Из бухты Нагаево нас погнали в карантинную зону, откуда партиями водили в санпропускник. Обработав соответствующим образом, вьвдав обмундирование, сразу распределяли: на прииски, на лесоповал и какое-то небольшое число людей в Магаданский лагерь. В санпропускнике нас встретили и предупредили, что на Колыме не освобождают, что путь из лагеря один: с биркой на ноге в мерзлую колымскую землю.
Санпропускник был обыкновенным бараком, продуваемым ветром, с огромным количеством клопов. По бокам двухэтажные сплошные нары, в каждом углу барака - печи, сделанные из железной бочки изпод горючего, поставленной "на попа". Нары без постели, спали мы на голых досках, а когда выдали бушлат и телогрейку, то одно стелили, другим укрывались, и мы чувствовали себя уже почти хорошо. В изголовье я положила свое пальто, в котором два года назад была арестована.
Нас, больных, из этого этапа оказалось человек триста, все дистрофики, поносники и тем не менее нас кормили селедкой и баландой из общего котла. Сахар, полагающийся нам по лагерной норме десять граммов, клали в общий котел. А учитывая, что из этого количества надо еще украсть, чай действительно был "сладким".

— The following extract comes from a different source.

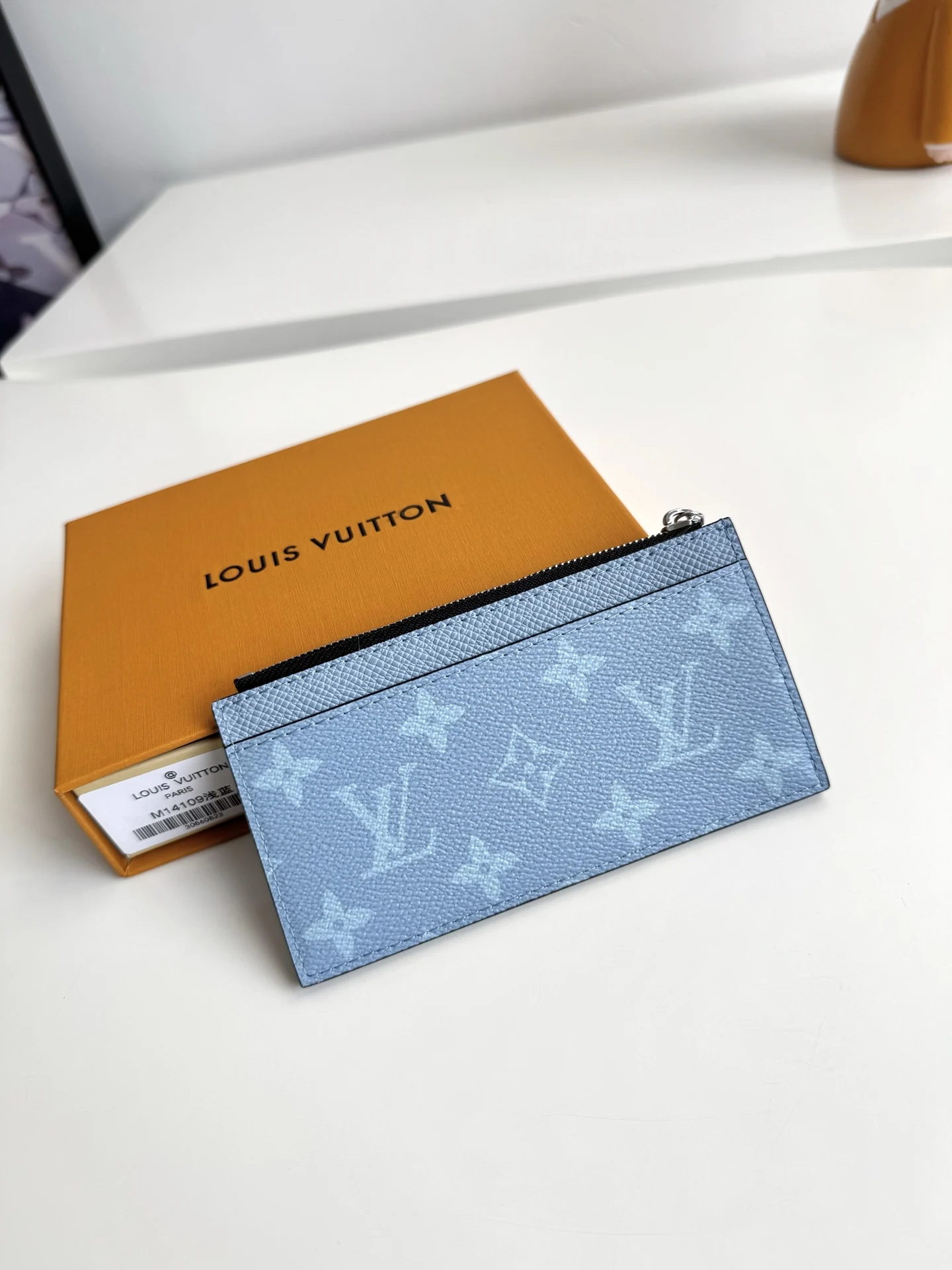Overseas original M14109 light blue exclusive real shot. This Coin card holder, made from the new Monogram Eclipse coated canvas material, is a secure choice for storing coin..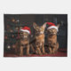 An enchanting scene captures the essence of cosiness and holiday spirit as furry companions adorned in Santa Claus hats gather around a crackling fireplace. The warmth emanating from the hearth creates a snug atmosphere for these adorable canines, while festive stockings hang in the background, enhancing the merry ambiance. The charming illustration portrays a timeless image of companionship and festive joy, perfect for celebrating the holiday season with a touch of canine charm

Попозже нам стали давать витамины-драже и по ложке какого-то жира. Колыму в те годы снабжала Америка, еще был жив Рузвельт. В магаданских лечебных учреждениях было много витаминов. Не зная действия, ими заменяли конфеты, с ними пили чай.
В ту пору, как я приехала, на Колыме начальником "Дальстроя"
был некто Никитов, а его жена, вернее, любовница Гредасова была начальником "Маглага". Система управления всего Колымского края была в руках НКВД. Все начальники того или иного предприятия были нквдешниками с полным подчинением "наместнику" этого края Никитову. На каждом заводе изготавливались особые продукты, называемые "никитовскими". Пиво, селедка, балыки, мясные изделия - все это, минуя магазины, направлялось в дом Никитова, который в ту пору представлял собой крепость за высоким забором с охраной снаружи.
Все подобные и другие тайны мы знали от заключенных, которые работали на этих заводах, а также от домработниц, которых Гредасова держала по четыре человека, тоже из зеков. На работу на хлебозавод, пивзавод, мясокомбинат нас, осужденных по 58-й, не посылали, только так называемых бытовиков, а из них большое число воровок, поэтому они мастерски тащили "никитовские" продукты, хотя и подвергались тщательному обыску.
Я уже провалялась в санитарном бараке больше двух месяцев, понос продолжался, ноги оставались по-прежнему отекшими, выглядели как две тумбы. В это время пришли начальник швейной фабрики Железнякова и начальник санчасти отбирать на работу подходящих людей. Я стала просить, чтобы взяли меня, но сперва их смущал мой изможденный вид, долго они не соглашались, но, наконец, согласились, и Железнякова взяла меня на швейную фабрику. Из таких же доходяг создали бригаду, и мы сели за моторы. Жить нас поместили в барак на кожзаводе. Там было всего два барака: один продуваемый, как решето, а другой капитальный, с вагонкой. Там было тепло, чисто, в нем жили женщины, арестованные в тридцать седьмом, так называемые "члены семьи".